How the shield was built

Anthropic already keeps a list of question types its models should refuse. To build the new defense, the company used Claude to generate many synthetic questions and answers covering both allowed and disallowed exchanges.

The source gives a simple example of the boundary Anthropic wanted the system to learn: questions about mustard were acceptable, while questions about mustard gas were not. That kind of distinction is important because a useful AI system must still answer benign questions in scientific or technical areas without opening the door to dangerous instructions.

Anthropic expanded the training material in two ways. It translated the exchanges into a handful of different languages, and it rewrote them using techniques associated with jailbreak attempts. This helped create a data set for a filter trained to detect prompts and responses that looked like possible jailbreaks.

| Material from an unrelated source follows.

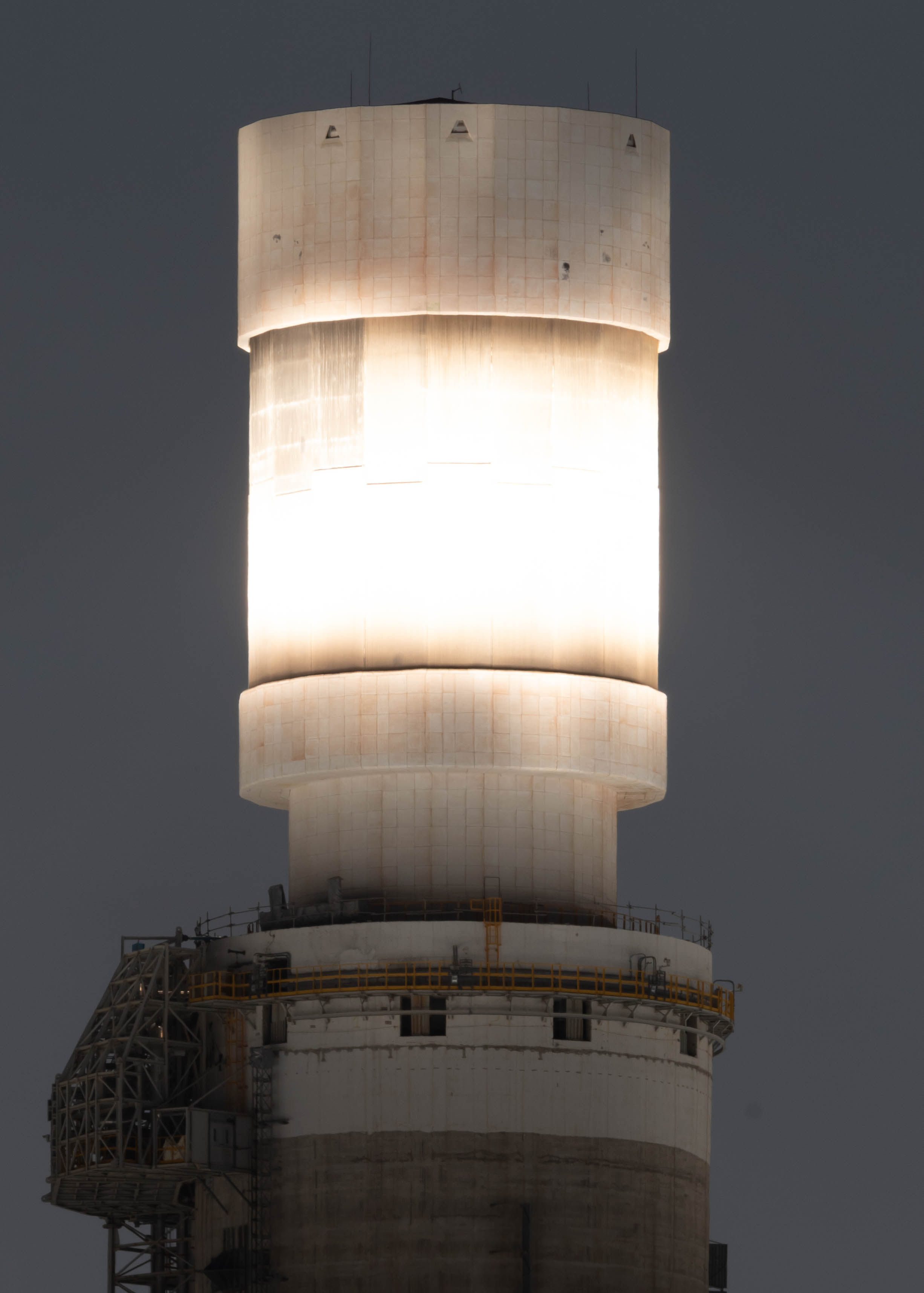 Ashalim power station is a solar power station in the Negev desert near the kibbutz of Ashalim

The shield itself is an LLM. It sits around the underlying model, trying to stop dangerous requests from reaching it and trying to stop unwanted responses from being returned.

What the tests showed

Anthropic tested the shield with a bug bounty. Experienced jailbreakers were invited to attack Claude using a list of 10 forbidden questions. The company offered $15,000 to anyone who could get the model to answer all 10, which was the threshold Anthropic set for a universal jailbreak.

According to Anthropic, 183 people spent more than 3,000 hours looking for weaknesses. Nobody got Claude to answer more than five of the 10 questions.

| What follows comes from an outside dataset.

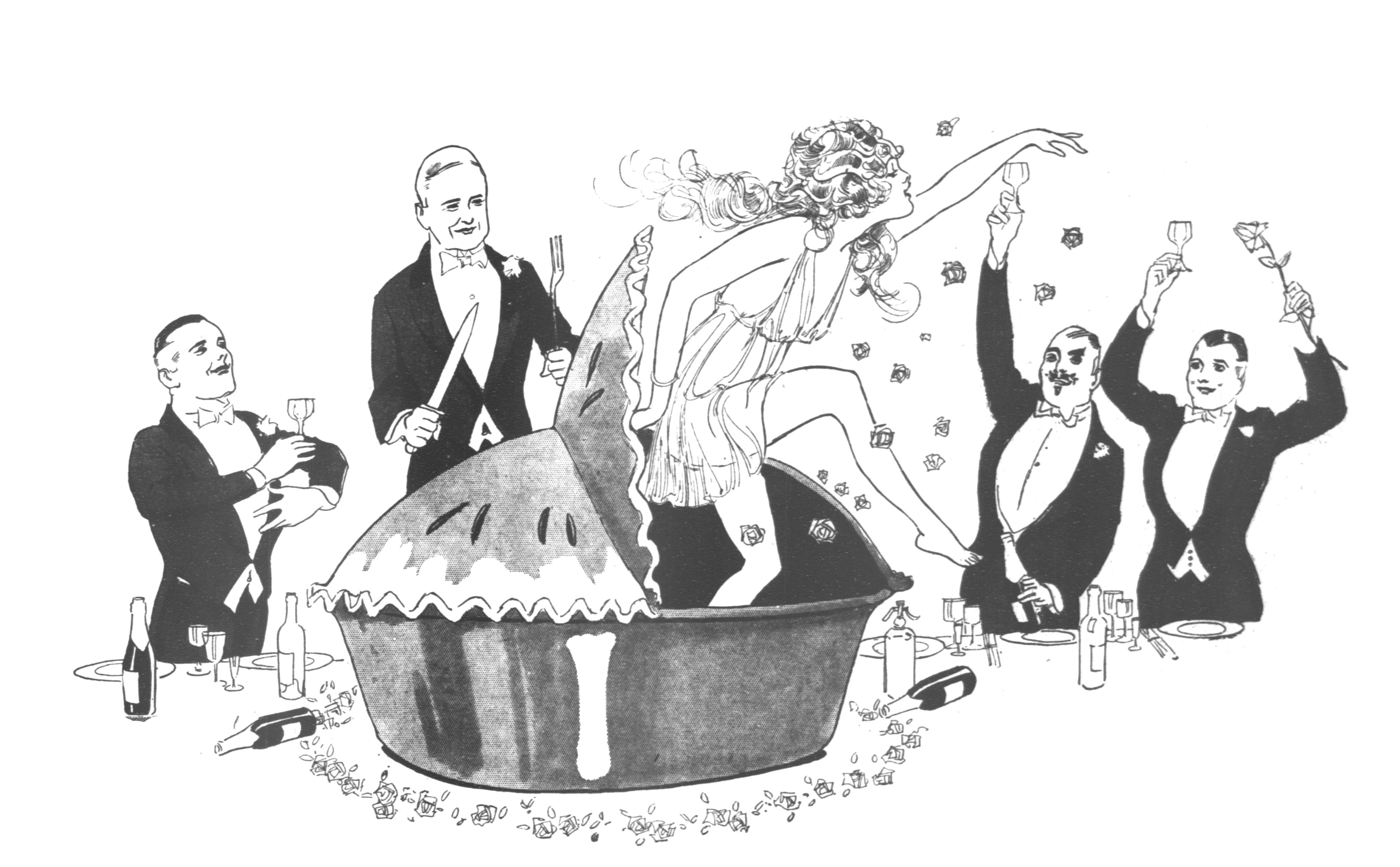 A graphical tribute to the famous 1895 "girl-in-the-pie" dinner of James L. Breese "who undertook to give a dinner in his studio which should surprise even such sophisticated art patrons as Stanford White. As the piece de resistance of the dinner Mr. Breese conceived the happy idea of having an enormous pie brought in on the shoulders of four of the waiters. Out of the pie stepped Miss Susie Johnson, graceful young artist's model, unencumbered with much if any drapery."

The company also ran a second test using 10,000 jailbreaking prompts generated by an LLM. Without the shield, 86% of the attacks succeeded. With the shield in place, 4.4% worked.

Alex Robey, who studies jailbreaks at Carnegie Mellon University, called the approach “at the frontier of blocking harmful queries.” He also said it is rare to see evaluations at this scale, and that Anthropic showed robustness against attacks known to bypass many other production models.

The limits are still important

The results do not end the jailbreak problem. Robey, who has developed a defense system called SmoothLLM, argues that the best approach may be to wrap LLMs in multiple defenses that overlap in different ways. His system injects statistical noise into a model to disrupt the mechanisms that make jailbreaks possible.

There are trade-offs. Robey took part in Anthropic’s bug bounty and said the shield could also block harmless questions, including basic non-malicious questions about biology and chemistry. Anthropic says newer versions created since the bug bounty have reduced false positives.

Cost is another issue. Running the shield, which is itself an LLM, increases computing costs by almost 25% compared with running the underlying model alone.

Experts also expect attackers to keep adapting. Yuekang Li, who studies jailbreaks at the University of New South Wales in Sydney, pointed to prompts written in a cipher, such as replacing each letter with the next one so “dog” becomes “eph.” If a model can understand that encrypted text but the shield does not catch it, the defense could be bypassed.

Dennis Klinkhammer, a machine learning researcher at FOM University of Applied Sciences in Cologne, Germany, said synthetic data is important because attack strategies change quickly. In his view, the ability to generate training data across many threat scenarios helps safeguards keep up.

Anthropic is inviting people to test the shield themselves. Sharma summed up the security posture plainly: “We’re not saying the system is bulletproof.” The practical goal is to raise the amount of effort needed to get a universal jailbreak through high enough that many attackers are deterred.